Collected data

:::

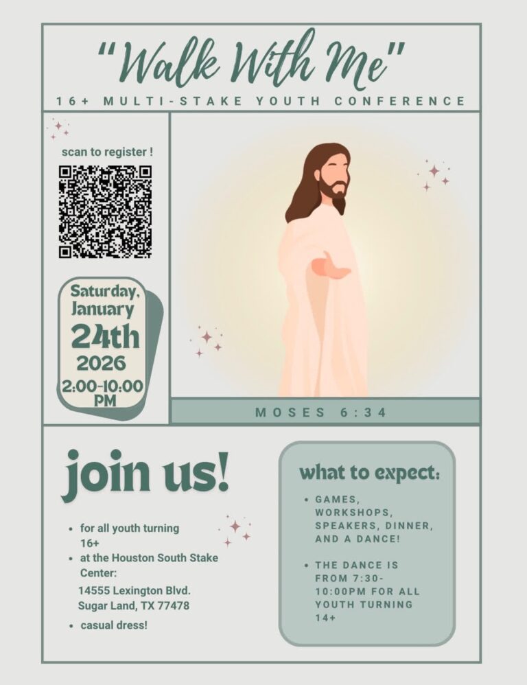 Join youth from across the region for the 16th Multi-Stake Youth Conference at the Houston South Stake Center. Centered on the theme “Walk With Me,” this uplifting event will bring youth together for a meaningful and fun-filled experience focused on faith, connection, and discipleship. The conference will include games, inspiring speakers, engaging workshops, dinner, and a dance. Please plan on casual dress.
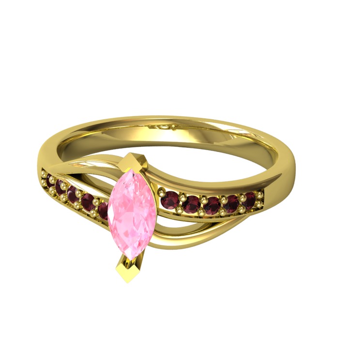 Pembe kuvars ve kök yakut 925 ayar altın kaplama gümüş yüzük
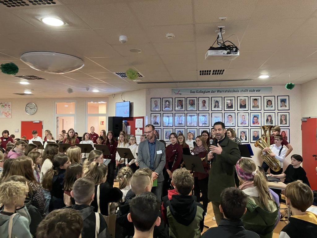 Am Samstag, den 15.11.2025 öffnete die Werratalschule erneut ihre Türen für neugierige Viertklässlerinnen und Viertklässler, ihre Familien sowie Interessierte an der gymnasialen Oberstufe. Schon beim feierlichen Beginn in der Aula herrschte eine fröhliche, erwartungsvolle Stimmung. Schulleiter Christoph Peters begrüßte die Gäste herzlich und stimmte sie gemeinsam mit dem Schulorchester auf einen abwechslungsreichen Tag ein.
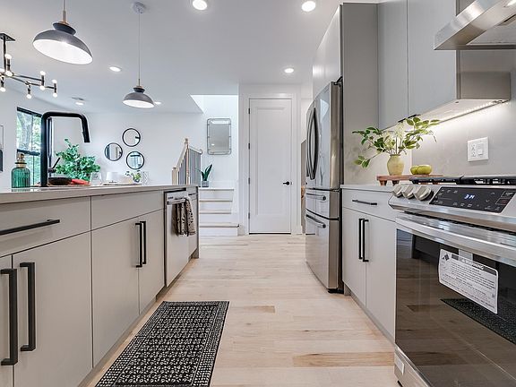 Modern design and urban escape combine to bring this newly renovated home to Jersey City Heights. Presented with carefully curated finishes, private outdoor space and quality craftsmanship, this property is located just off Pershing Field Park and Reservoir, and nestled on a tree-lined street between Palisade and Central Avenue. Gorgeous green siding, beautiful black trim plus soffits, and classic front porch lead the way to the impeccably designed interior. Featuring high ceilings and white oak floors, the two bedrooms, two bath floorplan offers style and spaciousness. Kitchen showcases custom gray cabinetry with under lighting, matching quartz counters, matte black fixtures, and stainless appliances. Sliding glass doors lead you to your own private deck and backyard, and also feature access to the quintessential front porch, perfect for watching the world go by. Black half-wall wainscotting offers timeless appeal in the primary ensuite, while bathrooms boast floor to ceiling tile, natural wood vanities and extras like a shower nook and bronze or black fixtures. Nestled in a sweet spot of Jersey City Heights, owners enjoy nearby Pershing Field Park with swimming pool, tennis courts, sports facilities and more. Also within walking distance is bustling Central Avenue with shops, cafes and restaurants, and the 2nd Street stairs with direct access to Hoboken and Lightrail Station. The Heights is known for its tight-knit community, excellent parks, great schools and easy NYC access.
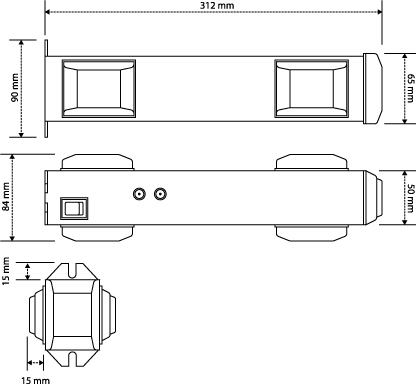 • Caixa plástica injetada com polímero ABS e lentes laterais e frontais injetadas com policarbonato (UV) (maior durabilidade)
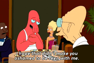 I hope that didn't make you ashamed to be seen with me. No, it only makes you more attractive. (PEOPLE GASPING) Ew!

:::

▶ _REQUIRED ACTION_:
Since the pictures are not wanted, copy only the text of the records above, exactly.

▶ _ANSWER AREA_:
 Join youth from across the region for the 16th Multi-Stake Youth Conference at the Houston South Stake Center. Centered on the theme “Walk With Me,” this uplifting event will bring youth together for a meaningful and fun-filled experience focused on faith, connection, and discipleship. The conference will include games, inspiring speakers, engaging workshops, dinner, and a dance. Please plan on casual dress.
 Pembe kuvars ve kök yakut 925 ayar altın kaplama gümüş yüzük
 Am Samstag, den 15.11.2025 öffnete die Werratalschule erneut ihre Türen für neugierige Viertklässlerinnen und Viertklässler, ihre Familien sowie Interessierte an der gymnasialen Oberstufe. Schon beim feierlichen Beginn in der Aula herrschte eine fröhliche, erwartungsvolle Stimmung. Schulleiter Christoph Peters begrüßte die Gäste herzlich und stimmte sie gemeinsam mit dem Schulorchester auf einen abwechslungsreichen Tag ein.
 Modern design and urban escape combine to bring this newly renovated home to Jersey City Heights. Presented with carefully curated finishes, private outdoor space and quality craftsmanship, this property is located just off Pershing Field Park and Reservoir, and nestled on a tree-lined street between Palisade and Central Avenue. Gorgeous green siding, beautiful black trim plus soffits, and classic front porch lead the way to the impeccably designed interior. Featuring high ceilings and white oak floors, the two bedrooms, two bath floorplan offers style and spaciousness. Kitchen showcases custom gray cabinetry with under lighting, matching quartz counters, matte black fixtures, and stainless appliances. Sliding glass doors lead you to your own private deck and backyard, and also feature access to the quintessential front porch, perfect for watching the world go by. Black half-wall wainscotting offers timeless appeal in the primary ensuite, while bathrooms boast floor to ceiling tile, natural wood vanities and extras like a shower nook and bronze or black fixtures. Nestled in a sweet spot of Jersey City Heights, owners enjoy nearby Pershing Field Park with swimming pool, tennis courts, sports facilities and more. Also within walking distance is bustling Central Avenue with shops, cafes and restaurants, and the 2nd Street stairs with direct access to Hoboken and Lightrail Station. The Heights is known for its tight-knit community, excellent parks, great schools and easy NYC access.
 • Caixa plástica injetada com polímero ABS e lentes laterais e frontais injetadas com policarbonato (UV) (maior durabilidade)
 I hope that didn't make you ashamed to be seen with me. No, it only makes you more attractive. (PEOPLE GASPING) Ew!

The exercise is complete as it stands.